ITS making me loopy!!

ITS making me loopy!!

ITS making me loopy!! Hi Girls

I had my ovaries out at the end of August and although I had some hot flushes I don’t think anyone explained the other possible side effects that would happen.

I do try to pack too much into my days and as someone mentioned to me the other day I am now trying to get back to what was ‘normal’ for me before bc, but to be honest my work load and home life was punishing then, so why the heck do I seem hell bent on getting back into that old routine once again. 'Been there & NOT learned my lesson!

Anyway Im sidetracking, I had worked my 15 hours last week, walked the dogs between 5 - 8 miles per day, then I tried to cook everything from scratch for ‘the family’. This saw me on Sunday, making a casserole, baking an apple pie and two loaves of bread, cleaning walking the dogs and it was perfectly finished off (I was at screaming pitch at this point) trying to mow the garden and I was sure my other half (who was at work) had hidden the cable. I swear I would have committed murder had the poor man been there.

I just felt VERY pmt, but I thought that all that was all finished now!
On Monday I started to feel really queasy and my hot flushes were going strong, by the end of the day I just crawled into bed and slept until 6.30am the following morning.

Anyway, I went to see my lovely lady GP who said that what I was feeling was all due to the lack of oestrogen, (that nasty thing that some of us are allergic to!) when the ovaries are removed it is like walking into a brick wall. My bones all ached, me neck and head were really sore and stiff, I so wanted to develop a really nasty cold or something just so that I could blame it on something.

When I felt the tiredness it took me back to chemo days and it was like a flashback, really dreadful. She recommended that I talk to someone about my feelings.

Anyway, now to have gone on, but basically just wanted to know if anyone else had all these dreadful aches and pains after having their ovaries out?

Love Debbie x

Further Information Hi LancsLass

Sorry you are suffering with menopausal symptoms at the moment. I have given a link below to a factsheet produced by Breast Cancer Care which you may find of interest:

breastcancercare.org.uk/docs/ovarian_feb_06_0.pdf

I am sure you will also receive further advice and support from other users on the forums.

Kind regards

Online Host
Breast Cancer Care

I sound like your twin at the moment, i too had my ovaries out in August and the symtoms are really kicking in now. Hot flushes are quite embarrassing sometimes, i’m never quite sure whether to explain myself when i suddenly become bright red and soaking wet in the company of strangers. Unfortunately this is all happening at the same time that i have gone back too work and trying to be superwoman again, (and failing ) I try to incorporate plenty of excercise into my daily routine, home cooking healthy organic food and lots of quality time with the kids! Most of the time when i’m walking or at the gym my limbs feel fatigued and weak, in a morning i ache so much i feel like the tinman and wish someone would oil the joints.
i am more tired now than i ever was during chemo and rads. My emotions are all over the place and i do catch myself snapping at the kids inapropriately.
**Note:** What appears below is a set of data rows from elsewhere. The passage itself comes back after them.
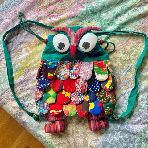 Paljon käytetty ja lapsen rakastama pöllölaukku, yhä käyttökelpoinen, osat toimivat, sisältä siisti, viat näkyvät kuvissa. Nouto.
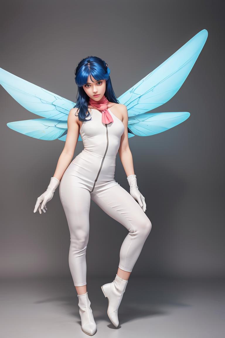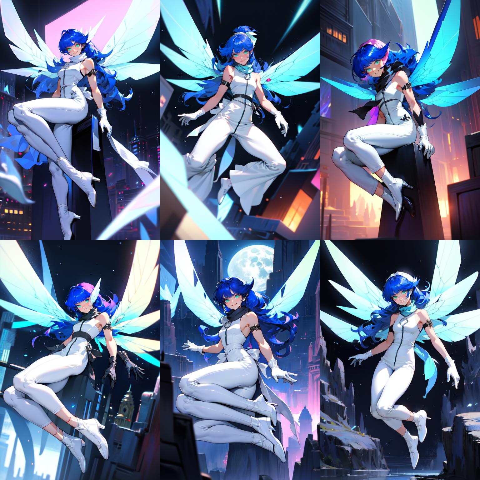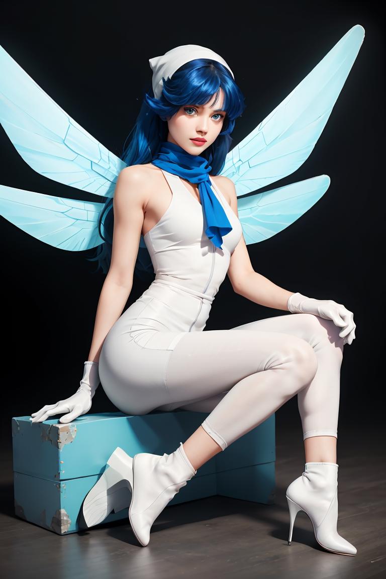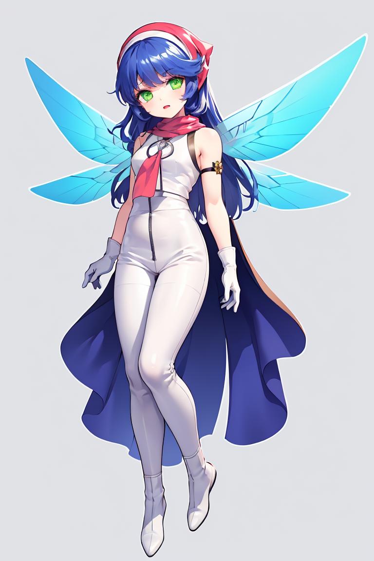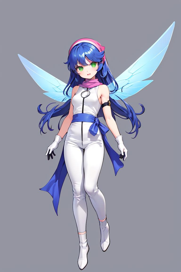 Tags: pixieds, blue hair, wings, gloves, green eyes, fairy, long hair, scarf, dress, white pants, white footwear
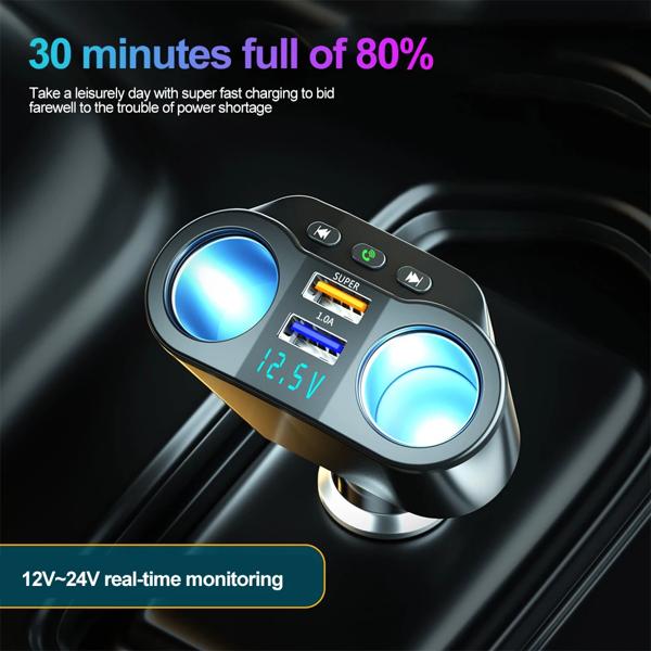 デュアル Usb 急速充電器ソケット車のシガーライタースプリッター自動 Fm トランスミッター Bluetooth ハンズフリー車の充電器
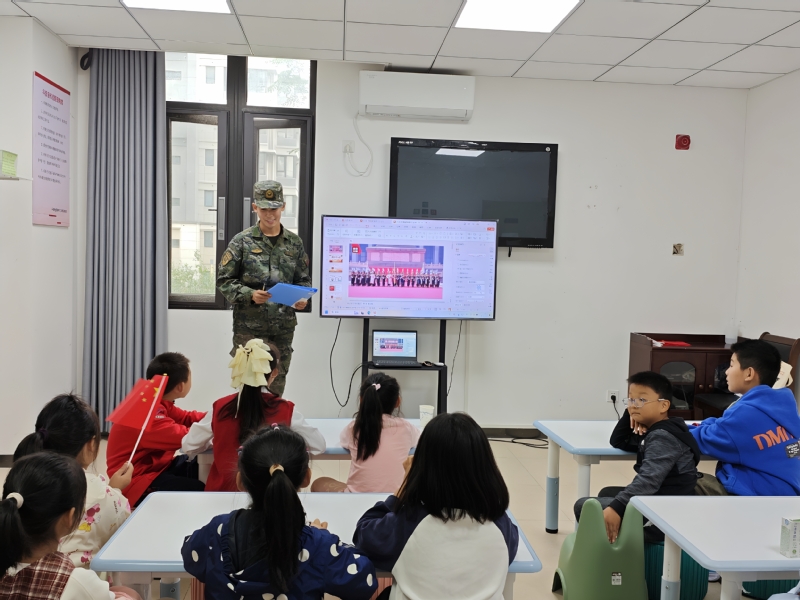 活动以“什么是国防”为切入点,由退伍军人电子2521班的张政担任主讲,通过图文结合的方式,系统讲解国防的基本概念、战略意义等,同时耐心解答孩子们关于“国防如何保护我们”“军人日常训练内容”等疑问,帮助青少年建立对国防的基础认知。在“国防发展大事记”环节,志愿者带领孩子们沿着历史脉络,回顾我国国防建设从无到有、从弱到强的关键节点——从开国大典的装备简陋,到如今航母列装、战机翱翔的辉煌成就。一张张珍贵的历史图片、一段段振奋人心的发展故事,让孩子们深刻体会到国防建设的艰辛与不易,民族自豪感与家国责任感油然而生。

Its difficult to work out if the moods are caused by tiredness, caused by night sweats and working again or the op and medication (arimidex). i feel some depression around the feeling of suddenly aging, i worry about bone health,hairy chin, grey hair and all the delights of premature aging, this does however, feel shallow and self indulgent considering what we have all been through.
What ever the reasons i am now realising that i need to slow down, I am not quite ready to step back on the world at full speed yet, however frustrating this maybe. I think i need to have smaller, more achievable goals as the sense of failure doesn’t help an already fragile confidence.
I would love to hear tips from others as I am still keen to stick a healthy lifestyle particularly with diet and excercise.

so glad to read your post I too had ovaries out in september and was so glad when i read what you had written last night. Some days i have a real energy spurt then i crash down feeling awful. My head is always fuzzy and can’t seem to think straight, my eyes and ears feel strange and i get loads of headaches, maybe that is from the tamoxifen.I have days of feeling that i can’t cope. I was always a person that was so in control, now i feel like a shadow of my old self. Of all this treatment and stress etc etc ( the list is endless) the one thing that i am now finding so hard is the total lack of energy i have. What i would like to know is will we stay like this??? is this the menopause for us or will we get any better as the years roll on!!! if there are any ladies out there that had ovaries out a few years ago please let me know!!